[[ Given records, beginning ]]

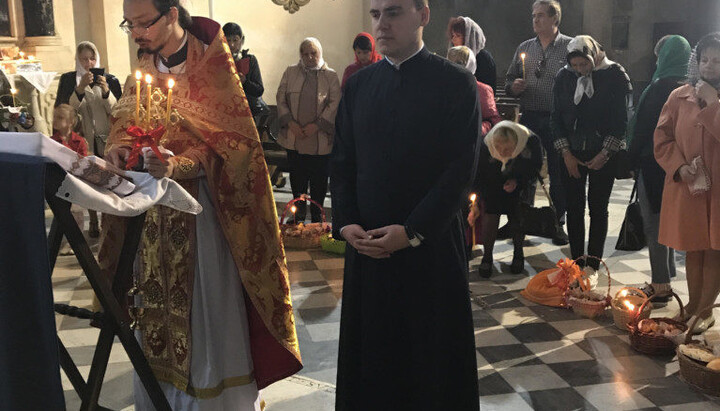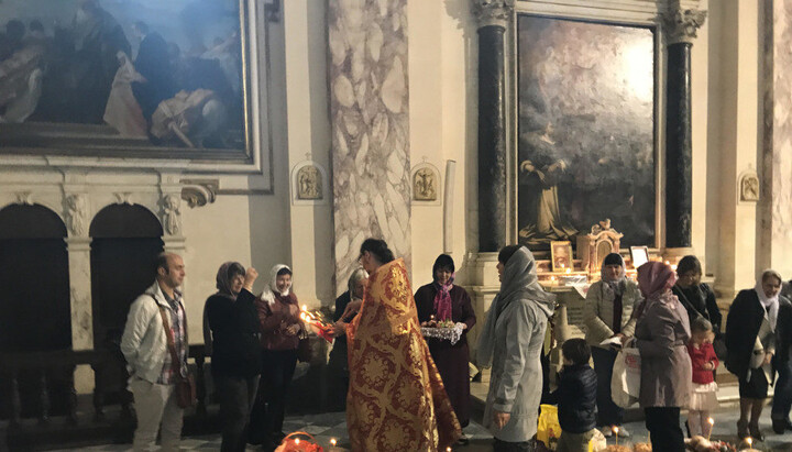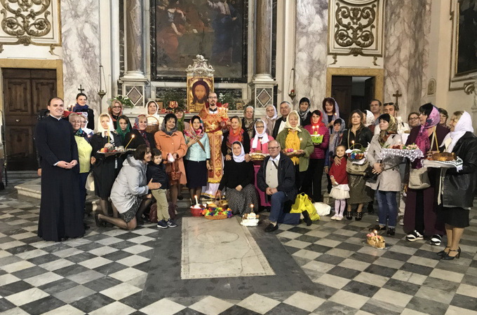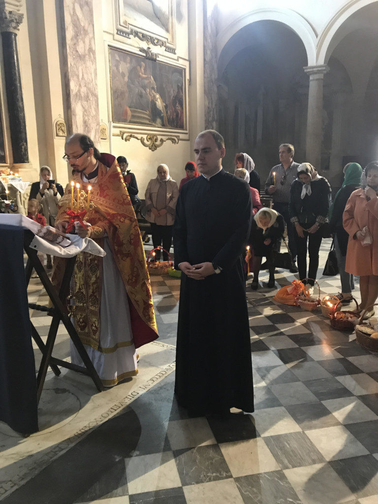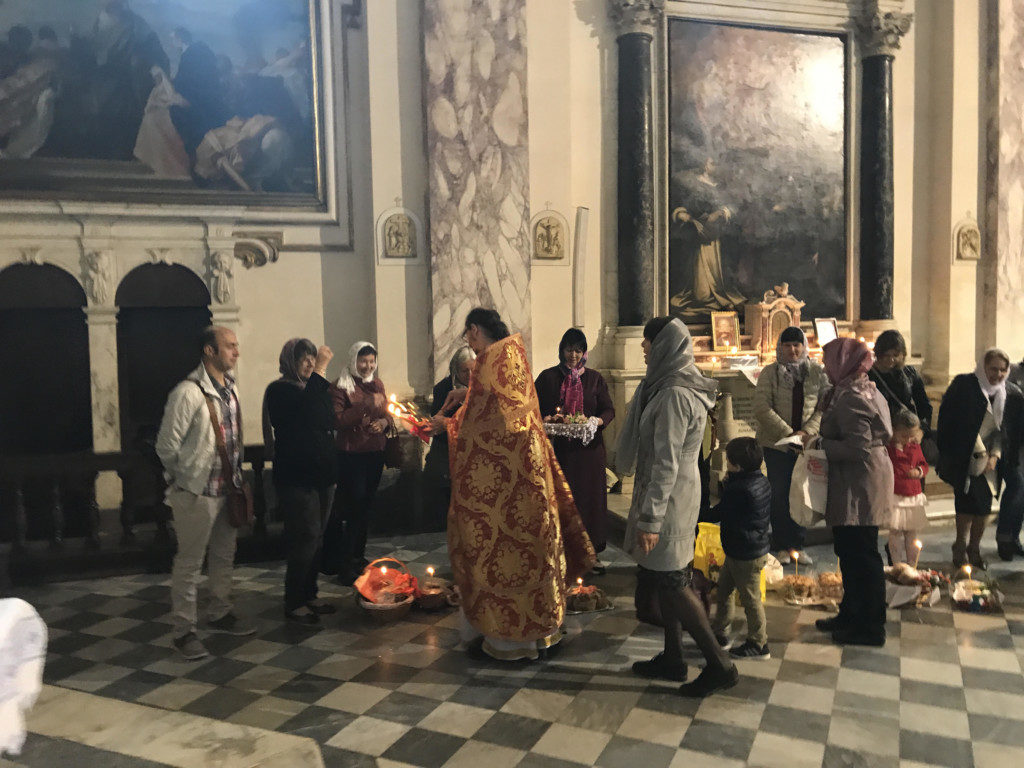 Після богослужіння священик привітав віруючих зі святом Світлого Христового Воскресіння, освятивши паски, а також поспілкувався з нашими співвітчизниками, які висловили радість та вдячність як за організацію громади, так і за можливість зустріти свято Світлого Христового Воскресіння у молитві та участі в Таїнствах Церкви.
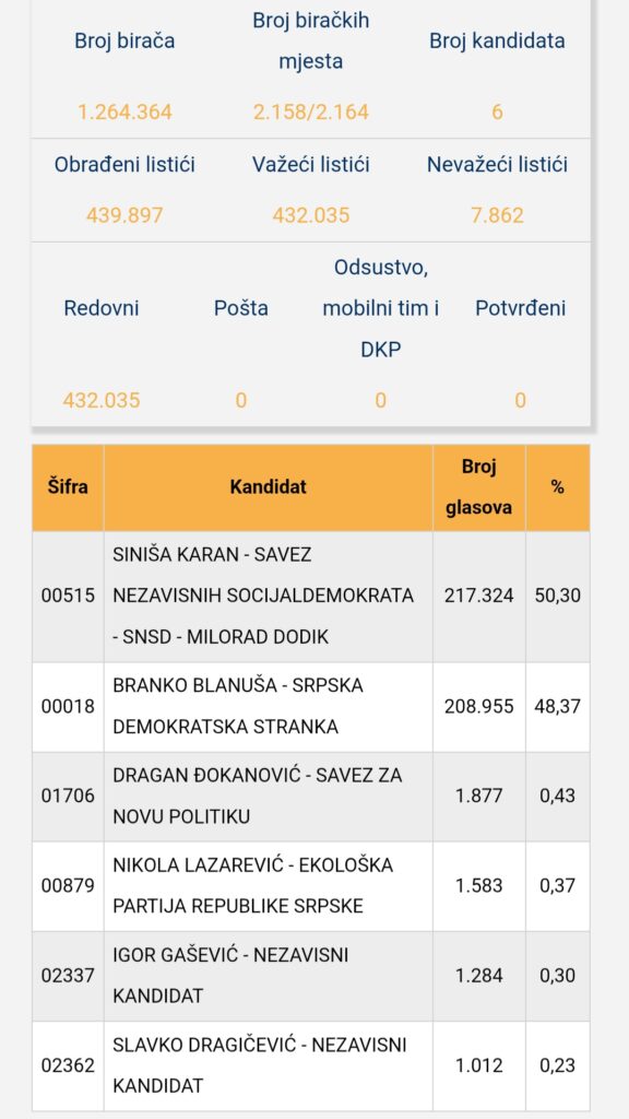Prednost kandidata Dodikovog SNSD-a Siniše Karana smanjena je sa 12 hiljada koliko je iznosila sinoć na 8.369 glasova.
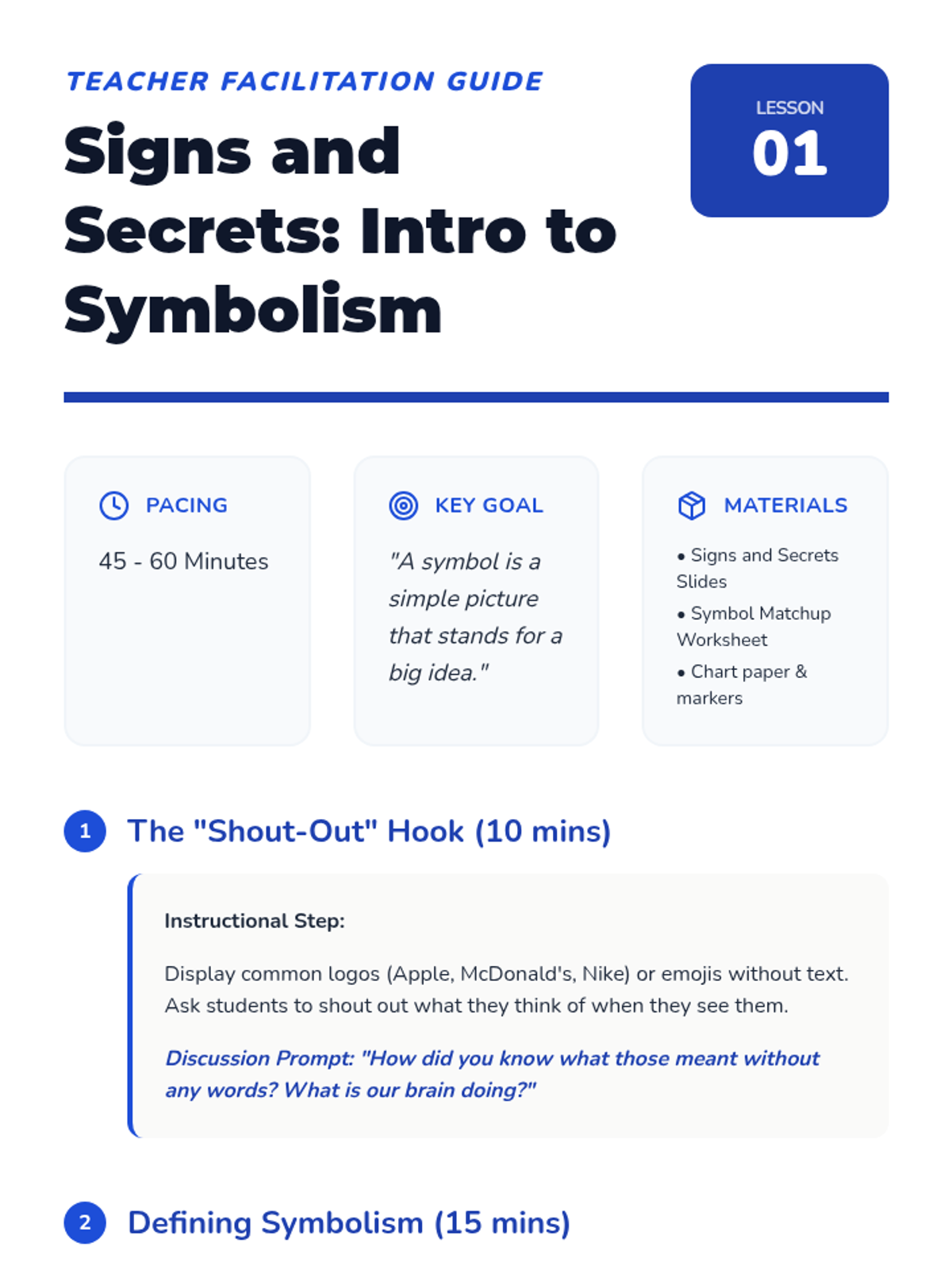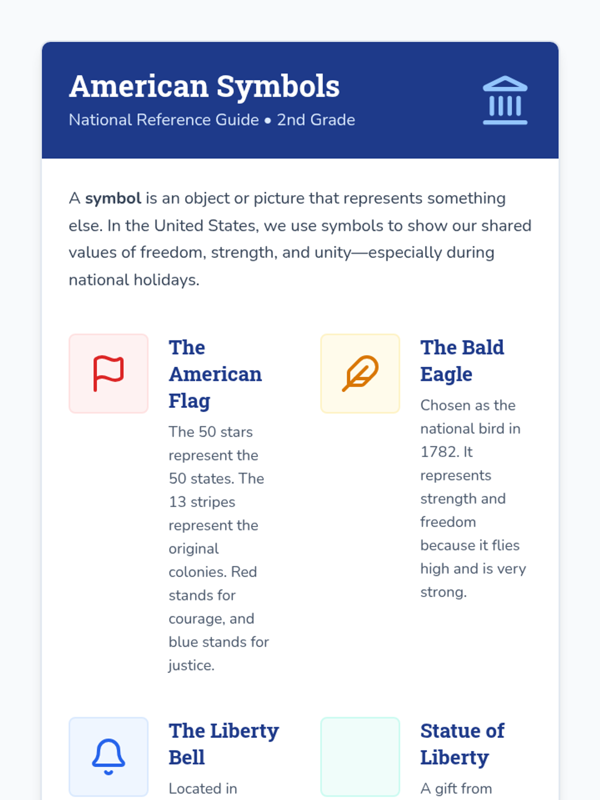 An inquiry-driven geography and civics sequence where 2nd-grade students explore the meaning of symbols, starting with familiar daily signs and progressing to iconic American landmarks like the flag, the bald eagle, and the Statue of Liberty.
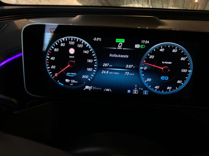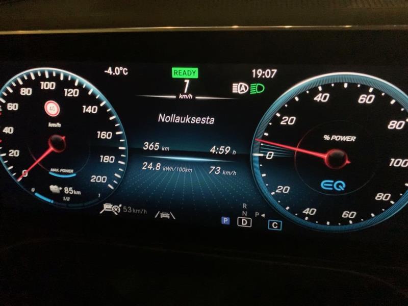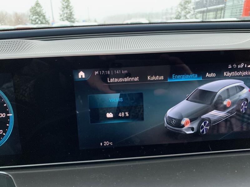 Matkan jatkuessa ilta hämärtyi säkkipimeäksi, jolloin Mersun matriisi-LED -valoautomattiikka pääsi oikeuksiinsa. EQC400:ssa on suvereenisti parhaat ajovalot, joilla olen koskaan itse päässyt ajamaan. Ne valaisevat tien todella tehokkaasti ja riittävän pitkälle. Kaukovaloautomattiikka hoituu siten, että vain vastaantulijoita häiritsevät valonsäteet estetään, jolloin tien oikea reuna pysyy pitkälle kirkkaana. Lievä haitta näin hyvistä valoista on se, että kovin usein vastaantulijat kuvittelivat minun ajavan pitkillä päin, vaikka automatiikka toimi aivan oikein.
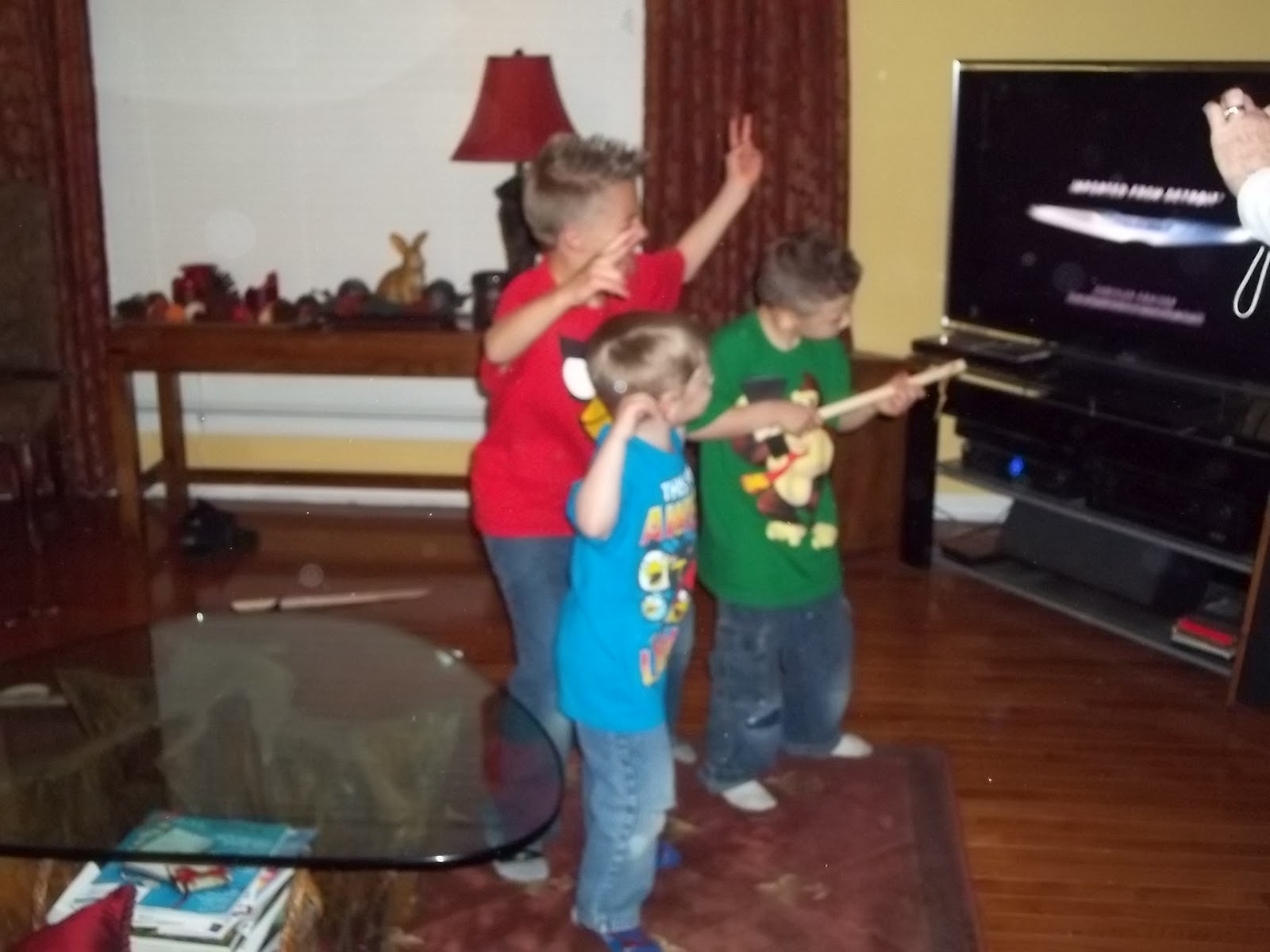 Soon Nana and Papa will be starting a huge construction project on a home they bought. This is special because, first, they had the boys in mind when they found the property, and second, it's going to be their dream home. It is located on a hill near a nature preserve, and there is a lookout deck near the house. Here they are discussing the plans with Aunt Sharon in the backyard. Hopefully by Christmas it will be completed.

[[ Given records, end ]]

**Task goal:** Exactly as written above, retype the lines starting at the one holding "Prednost kandidata Dodikovog" and ending at the one holding "Matkan jatkuessa ilta", both included, but not the pictures.

**Response to the task:**
Prednost kandidata Dodikovog SNSD-a Siniše Karana smanjena je sa 12 hiljada koliko je iznosila sinoć na 8.369 glasova.
 An inquiry-driven geography and civics sequence where 2nd-grade students explore the meaning of symbols, starting with familiar daily signs and progressing to iconic American landmarks like the flag, the bald eagle, and the Statue of Liberty.
 Matkan jatkuessa ilta hämärtyi säkkipimeäksi, jolloin Mersun matriisi-LED -valoautomattiikka pääsi oikeuksiinsa. EQC400:ssa on suvereenisti parhaat ajovalot, joilla olen koskaan itse päässyt ajamaan. Ne valaisevat tien todella tehokkaasti ja riittävän pitkälle. Kaukovaloautomattiikka hoituu siten, että vain vastaantulijoita häiritsevät valonsäteet estetään, jolloin tien oikea reuna pysyy pitkälle kirkkaana. Lievä haitta näin hyvistä valoista on se, että kovin usein vastaantulijat kuvittelivat minun ajavan pitkillä päin, vaikka automatiikka toimi aivan oikein.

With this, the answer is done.